Reproduce the entire listing exactly. Leave the pictures out.

§ Provided material:
BEGIN
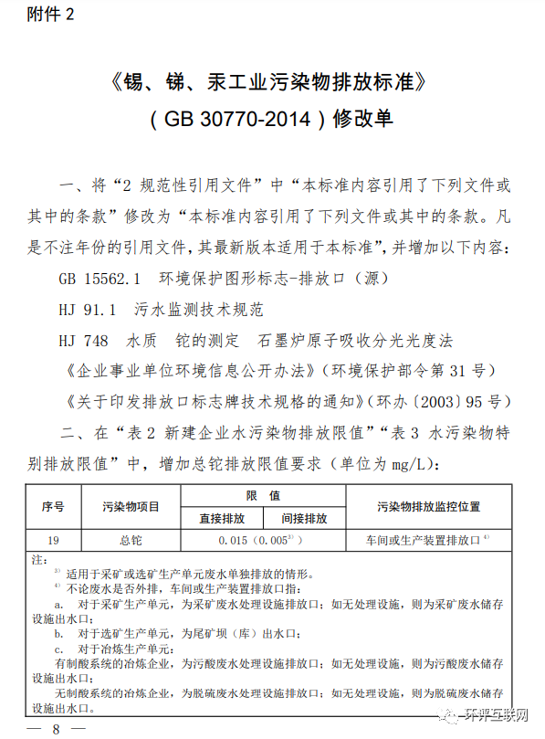 2.《錫、銻、汞工業污染物排放標準》(GB 30770-2014)修改單
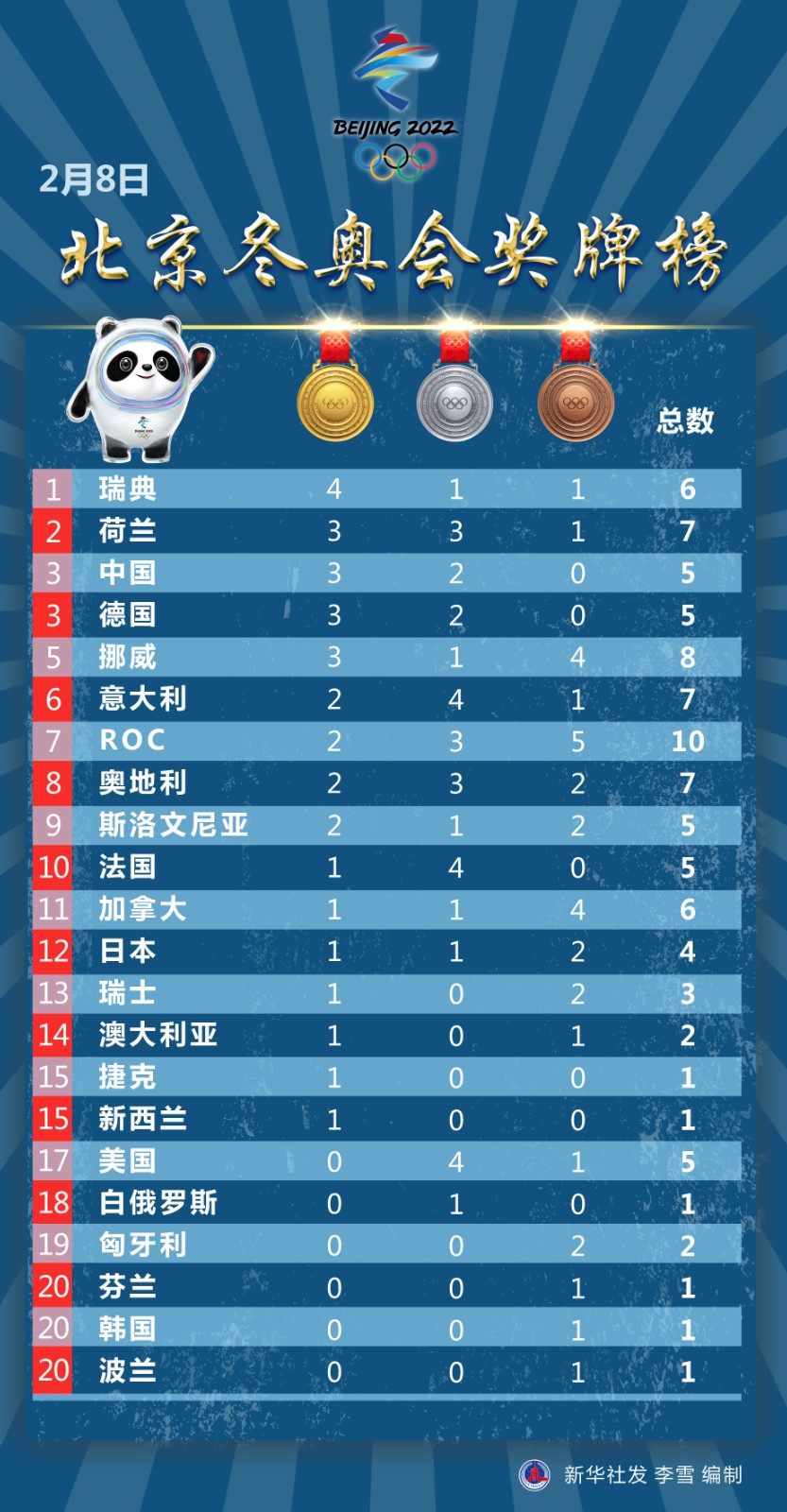 圖表:2月8日北京冬奧會(huì)獎(jiǎng)牌榜
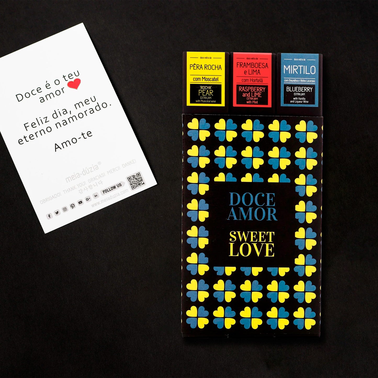 Este pack reúne doces artesanais portugueses e chocolate que exploram diferentes facetas do amor: da frescura à profundidade, da leveza à intensidade. Cada sabor foi pensado para criar uma experiência equilibrada, marcante e memorável.
END
§ Your response:
 2.《錫、銻、汞工業污染物排放標準》(GB 30770-2014)修改單
 圖表:2月8日北京冬奧會(huì)獎(jiǎng)牌榜
 Este pack reúne doces artesanais portugueses e chocolate que exploram diferentes facetas do amor: da frescura à profundidade, da leveza à intensidade. Cada sabor foi pensado para criar uma experiência equilibrada, marcante e memorável.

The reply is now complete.